For reference the firewire controller I'm using is a Texas Instruments TSB43AB23.

04/24/12 23:54:14 changed by stefanr

Affected:

  • Saffire PRO 24 (froh, stefanr)
  • Saffire PRO 40 (nils)

Not affected:

  • RME Fireface 800 (jwoithe)
  • Terratec Phase X24FW, a BeBoB based device (stefanr)

As time permits, I will look further into what particular part of ffado-dbus-server's startup is triggering this event.

04/25/12 00:52:56 changed by jwoithe

Just so we can be sure that we're all testing in a comparable way, could you (Stefan) post the steps you're using to test your devices (or confirm that it's the same as in comment 1)?

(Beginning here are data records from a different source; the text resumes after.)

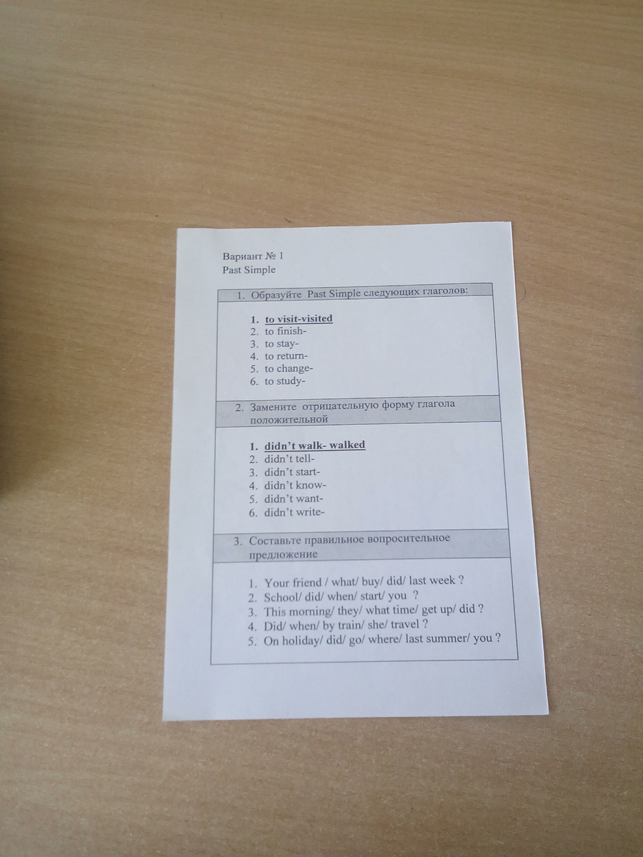 1. finished, stayed, returned, changed, stadied. 2. told, started, knew, wanted, wrote. 3. What did your friend buy last week? When did you start school? What time did they get up this morning? When did she travel by train? Where did you go on holiday last summer?
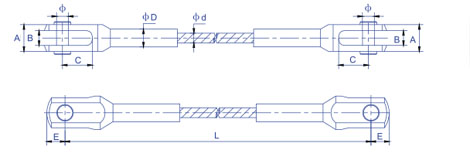 | 產品型號 | 鋼絲繩直徑d (mm) | A (mm) | B (mm) | C (mm) | D (mm) | E (mm) | 孔徑 Φ (mm) |
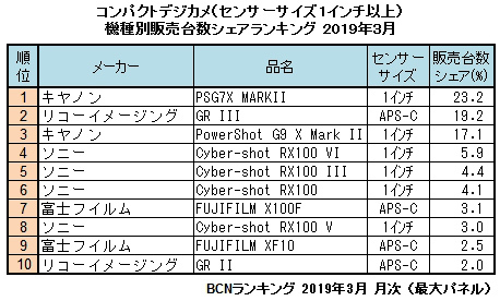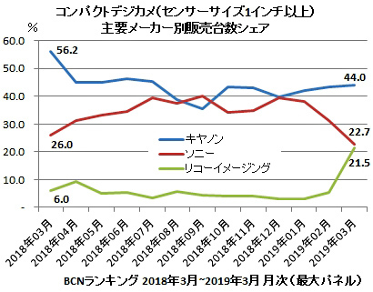 スマートフォン(スマホ)と存在を賭けた争いを続けているコンパクトデジカメは、市場全体で台数が前年と比べて2割以上のマイナスという状況が続いており、縮小が著しい。しかし、1インチ以上の大きなセンサーを搭載したモデルは前年を上回る月も珍しくなく、過去12カ月のうち7カ月は前年を上回った。特に、この3月は122.5%と前年を大幅に上回った。メーカー別でこの1年ほど1インチ以上のコンパクトデジカメ市場は、キヤノンとソニーの一騎打ちの様相を呈していた。キヤノンは安定的に強さを維持しているが、ソニーはGR III発売効果でシェアを一気に食われ、リコーが1.2%差のところまで迫っている。
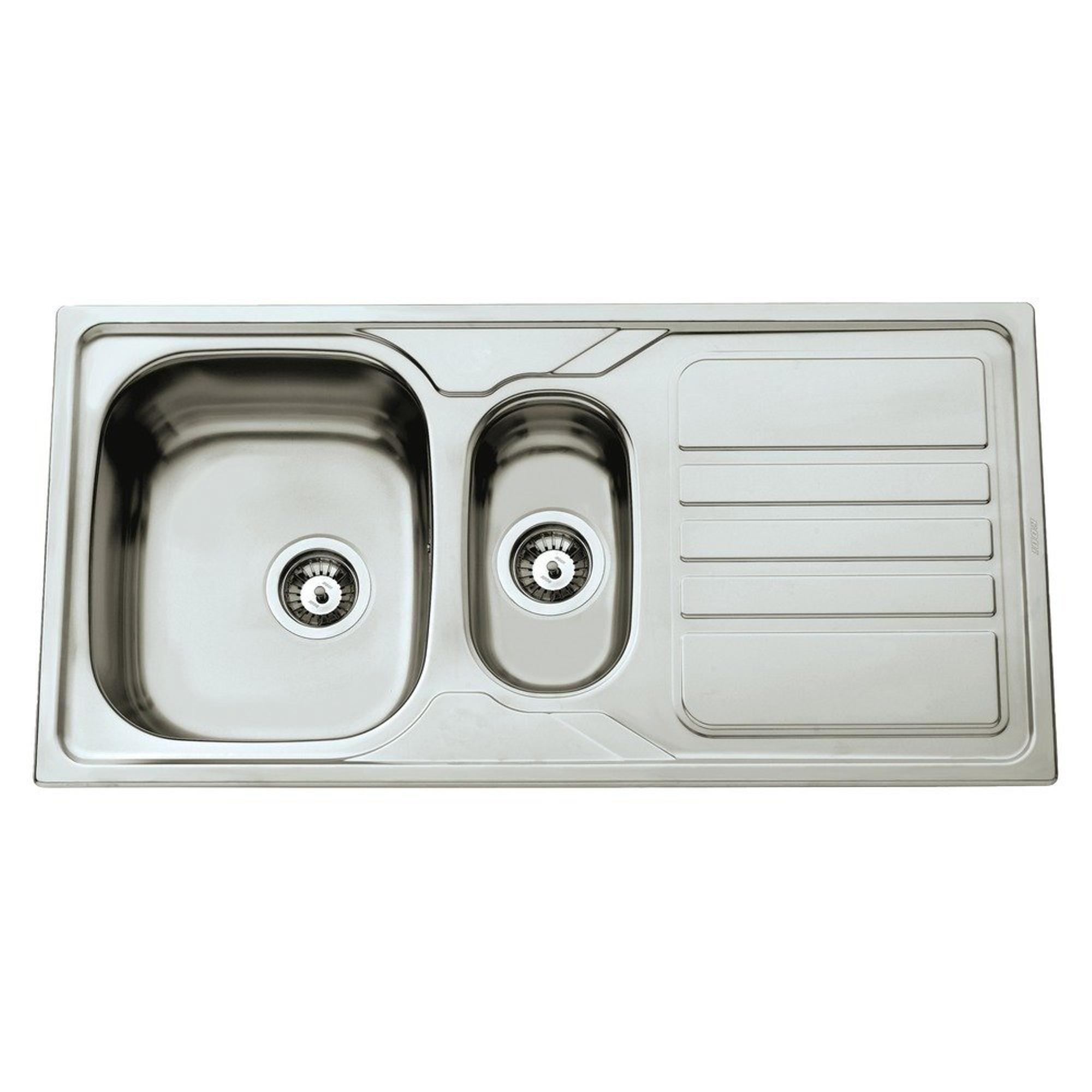 Nemo Spring Bourgogne inbouwspoeltafel met 15 bak met afdruip inox omkeerbaar 1000x500x170mm met fixatieset plug met overloopgarnituur zonder sifon
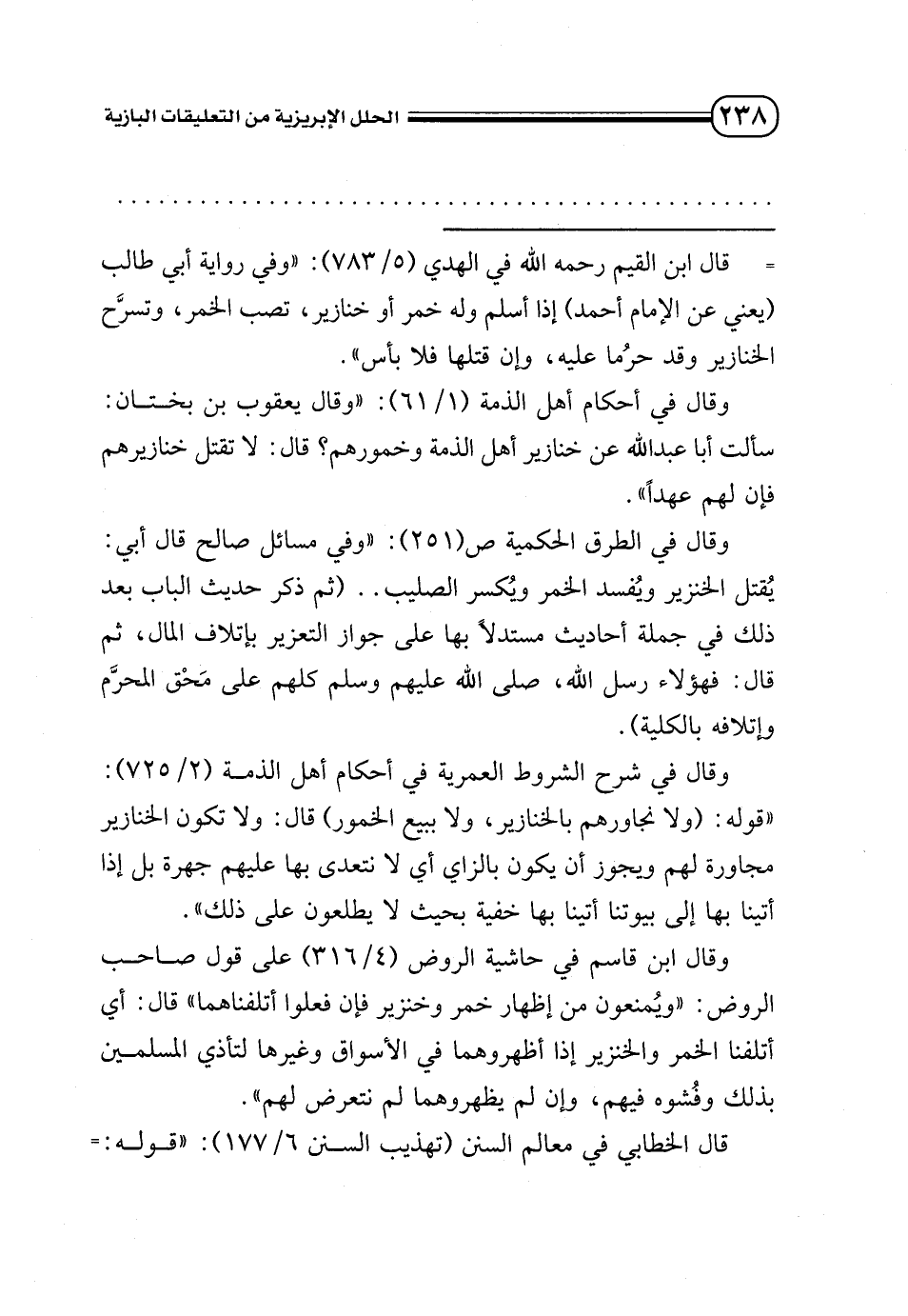 = قال ابن القيم / في الهدي (5/ 783): «وفي رواية أبي طالب (يعني عن الإمام أحمد) إذا أسلم وله خمر أو خنازير، تصب الخمر، وتسرَّح الخنازير وقد حرُما عليه، وإن قتلها فلا بأس».

It's interesting that you have both an affected and unaffected device - that pretty much rules out system differences as being the cause.

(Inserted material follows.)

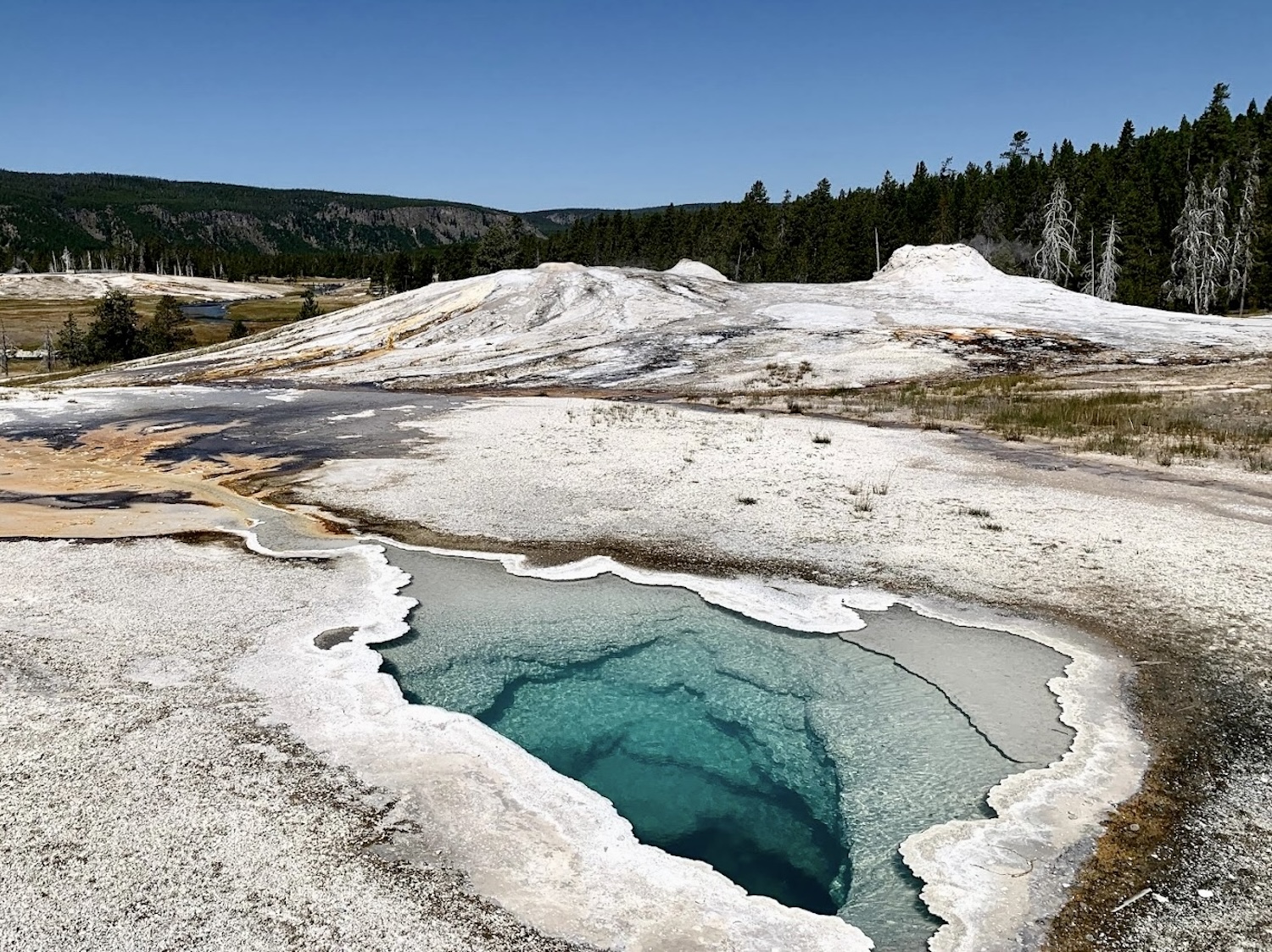 少し歩くと遠くの山肌から温泉が吹き出しているのが見えた。地球の胎動を五感で感じる。

As time allows over the next few days I'll also test my MOTU to see if that's affected.

04/25/12 15:51:30 changed by nils

Hmm. Right now I can't reproduce the issue here anymore, neither with a bus-activated nor a manually started ffado-dbus-server. The only difference I can think of between last time jackd crashed on me due to this is that I added a second Saffire Pro40 in the meantime, but can that have an influence?

06/01/12 03:29:31 changed by jwoithe

Further discussion has taken place on ffado-devel. It now seems likely that this issue only applies to specific devices - namely, those based on the DICE platform. The theory at this point is that there's something done during device discovery/initialisation (which happens when both jackd and ffado-mixer is started) which causes the device to stop (or interrupt) streaming if it was previously streaming.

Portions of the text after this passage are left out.